2026/7/22掲載記事だがファイナンシャルフィールドの提供記事(Yahoo!ニュース掲載)で「70歳の父が再雇用で月「18万円」稼いでいます。「年金だけでは不安だから」と働き続けていますが、“65歳以上”で仕事を続ける人はどれくらいいるのでしょうか? 同年代の収入事情も解説」という話題があった。
高齢期の雇用はお金の不安と切り離すことはできない。高齢期でも働く理由として経済的な理由は常に上位にあがる。老後のマネープランを考えるとき、「取り崩しをできるだけしたくない」という考えは強く、働き続けることがその大きな対策となりうる。
家計調査年報でいえば月5万円くらい取り崩しているわけで(いわゆる老後に2000万円の根拠)、月5万円稼げているなら退職金等の取り崩しを働いている限り遅らせることができるわけだ。

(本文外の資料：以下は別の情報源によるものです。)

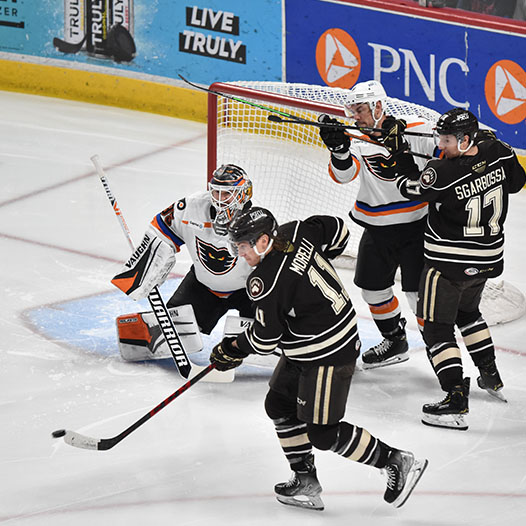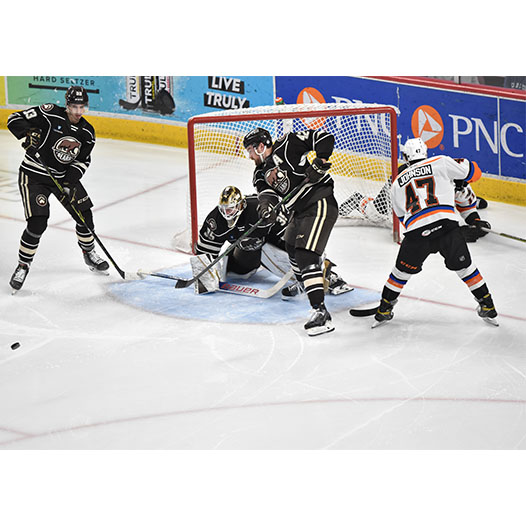Pat Nagle stopped all 42 Hershey shots thrown his way to help the Lehigh Valley Phantoms blank the Hershey Bears, 2-0, on Saturday night at GIANT Center. The loss dropped Hershey’s record to 34-31-6-4. The team concludes the regular season tomorrow versus Syracuse at 5 p.m.

老後のお金の不安の何割かは、そもそも「老後が長すぎる」ことに起因している。1980年代頃のように老後が10年ならそれほどお金の問題に苦労はしない(1000万円の退職金があれば月8万円使える)。ところが今は、65歳の女性は25年の老後を平均的に生きる時代だ。老後が長いからまたやりくりも厳しくなる。
「リタイア・シフト」の時代に、経済的不安がある人は「とりあえず」の感覚でも働き続けるほうがいいだろう。年収は大きく下がってもいい(下がるなら下がった金額に見合う働きだけすればいい)。それだけで人生最後の数十年、収支が一気に改善することになるだろう。
そして案外、「働きがい」が幸福にもつながっているところもあるのだ。